Would this be the correct approach to finding $n$ if I want the sample mean to be less than $5.7$ with a probability of $95\%$? ( Given $X \sim \mathcal{N}(\mu=6,\,\sigma^{2}=0.3^{2})$ )
$Pr(\bar{X}<5.7)=0.95$
$Pr\left(z<\frac{5.7-6}{0.3/\sqrt{n}}\right)=0.95$
$\frac{5.7-6}{0.3/\sqrt{n}}=1.65$
Thank you.
I think you have it backwards. If the population mean is $\mu = 6,$ then it will be difficult for the mean of a large-ish sample to be less than $5.7.$ In your formulation it will require a negative z-value to match the negative quantity $\frac{5.7-6}{0.3/\sqrt{n}}.$
If you want the sample mean of $n$ observations to be more than 5.7 about 95% of the time, then you have $-1.645 = \frac{5.7-6}{0.3/\sqrt{n}}.$ And, solving for $n$ we get $n \approx 1.645^2 = 2.7055,$ so $n =3$ observations should suffice.
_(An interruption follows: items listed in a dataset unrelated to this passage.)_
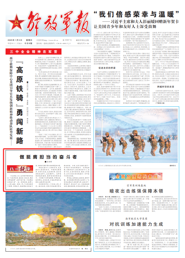 习主席在二〇二五年新年贺词中指出,“无数劳动者、建设者、创业者,都在为梦想拼搏”,光荣“属于每一个挺膺担当的奋斗者”。这一重要讲话,鼓舞人心、催人奋进。新的一年,广大官兵要勇于拼搏、不懈奋斗,做挺膺担当的奋斗者,为新时代强军事业贡献智慧和力量。
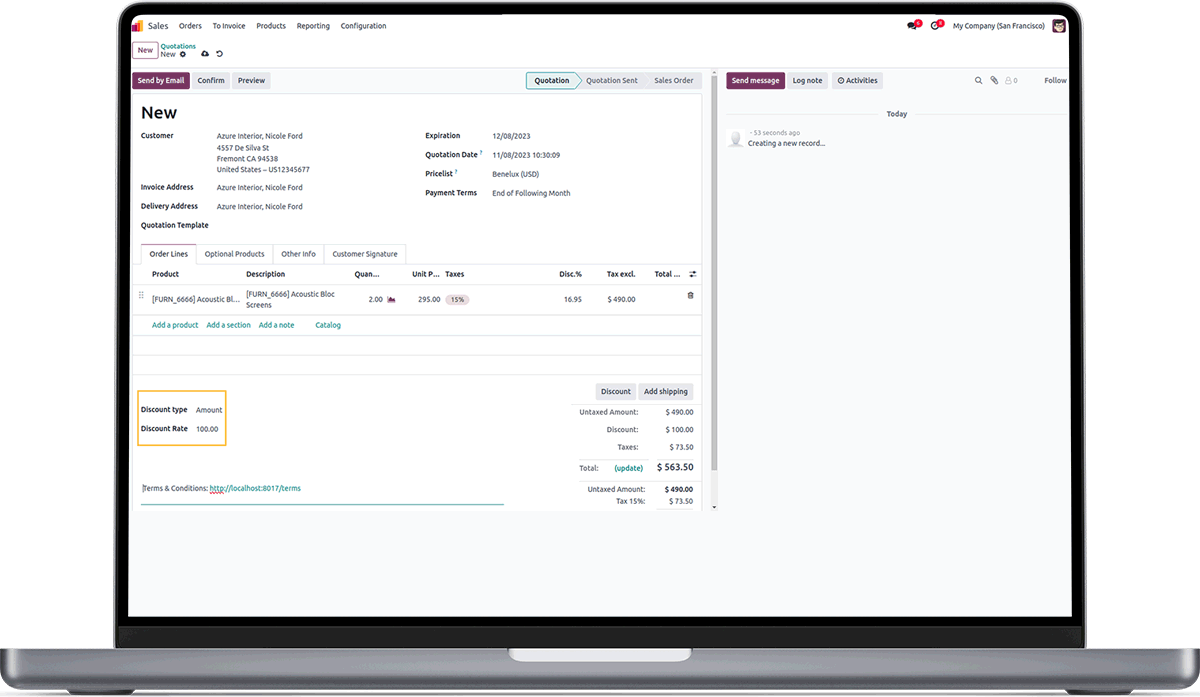 The module also allows you to set a limit for total discount in percentage. Exceeding this limit will require approval.
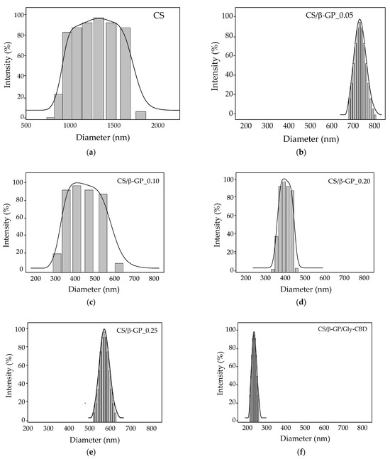 Particle size distribution of nanoparticles from: (a) chitosan; (b) CS/β-GP_0.05; (c) CS/β-GP_0.10; (d) CS/β-GP_0.20; (e) CS/β-GP_0.25; (f) CS/β-GP/Gly-CBD.
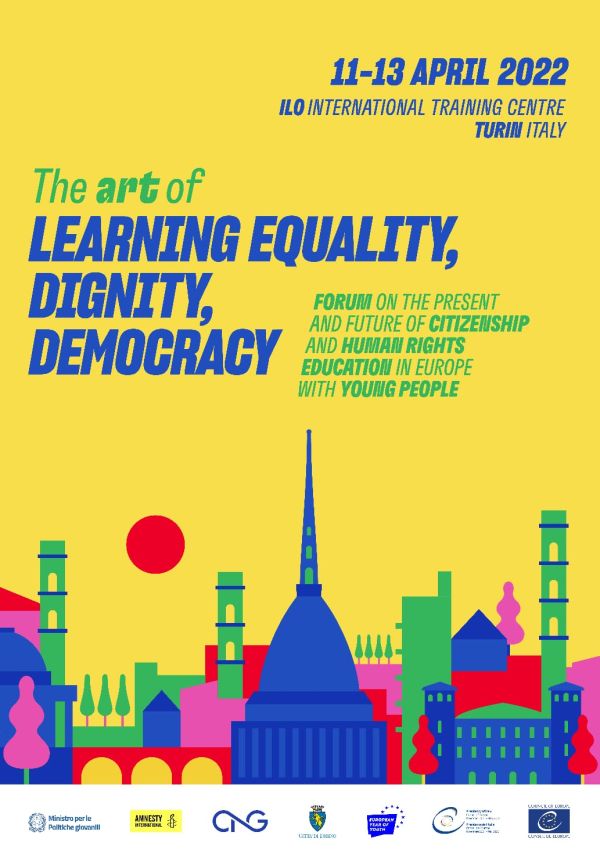Il meeting è stato organizzato dal Consiglio d’Europa, dal Dipartimento per le Politiche Giovanili e il Servizio Civile Universale e il Ministero dell’Istruzione, in collaborazione con Amnesty International, la Città di Torino, il Consiglio Nazionale dei Giovani e il Forum Europeo dei Giovani.
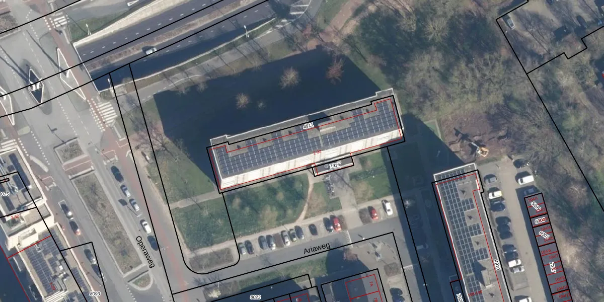 Het perceel waarop Ariaweg 54 staat heeft een oppervlakte van 960 m². Dit is een groot perceel. De perceeloppervlakte wordt geregistreerd door het Kadaster. Gedetailleerde informatie over de maten van dit perceel kunt u vinden in het rapport Kadastrale kaart met maatvoering van Ariaweg 54.
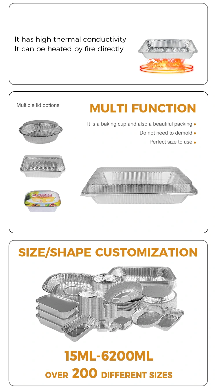 Ciri-ciri: Kapasiti besar ini Baking Pan Silver Foil Container diperbuat daripada bahan foil aluminium 8011-0, yang sepenuhnya memenuhi standard hubungan gred makanan, memastikan keselamatan makanan tanpa bau yang aneh, dan lebih yakin untuk digunakan. Ia mempunyai reka bentuk dalaman cekung dan cembung, yang lebih selamat digunakan. Peralatan ini bebas daripada membersihkan dan melindungi pelapik peralatan dengan baik. Sama ada baking atau pemanasan di atas api terbuka, tidak perlu bimbang tentang ubah bentuk kontena atau menjejaskan keselamatan makanan.
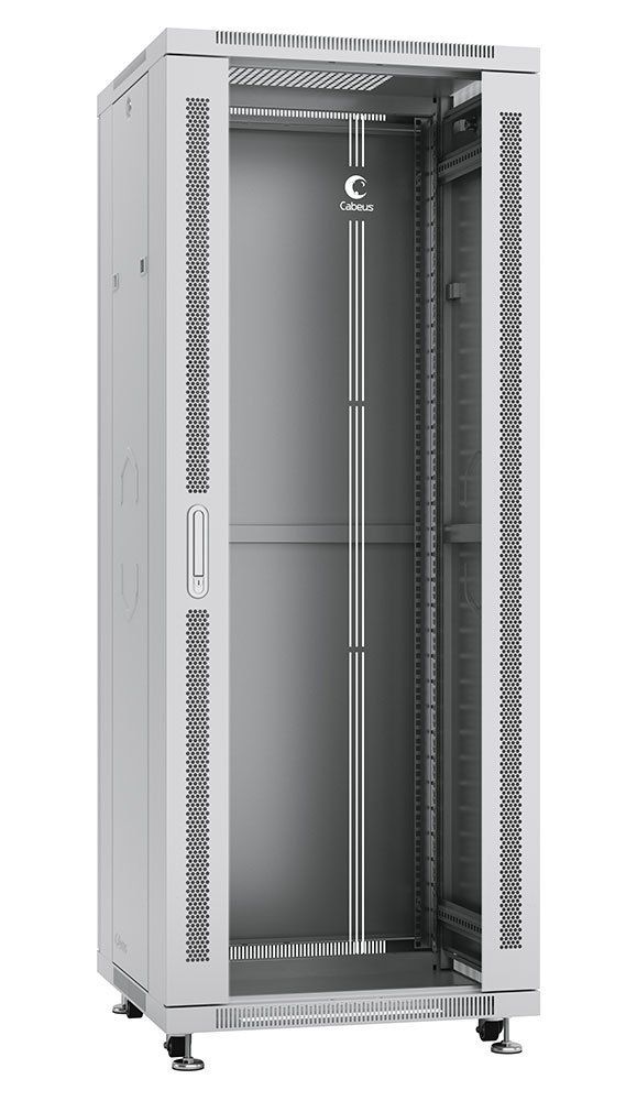 Шкаф телекоммуникационный 19" напольный, дверь стекло, 32U, 1610х600х600 мм (ВхШхГ), полезная глубина 550 мм, ручка с замком, распределенная нагрузка: 800 кг, цвет серый.

Note: In case you are still having trouble with the intuition of this, here is a simulation in R statistical software with $m = 10^6$ samples of size $n,$ one sample of size $n = 3$ on each row of the matrix. Of the one million sample averages
asimulated in this way, almost 96% exceeded $5.7.$ (Being slightly fussier about the simulation result, the expected proportion of averages exceeding $5.7$ is about $0.95807 \pm 0.00040.$)In the figure below the histogram shows the simulated sample means, the curve is the density function of $\mathsf{Norm}(\mu=6, \sigma = .3/\sqrt{3}),$ and the area under the density curve to the right of the vertical dotted line is about 0.958.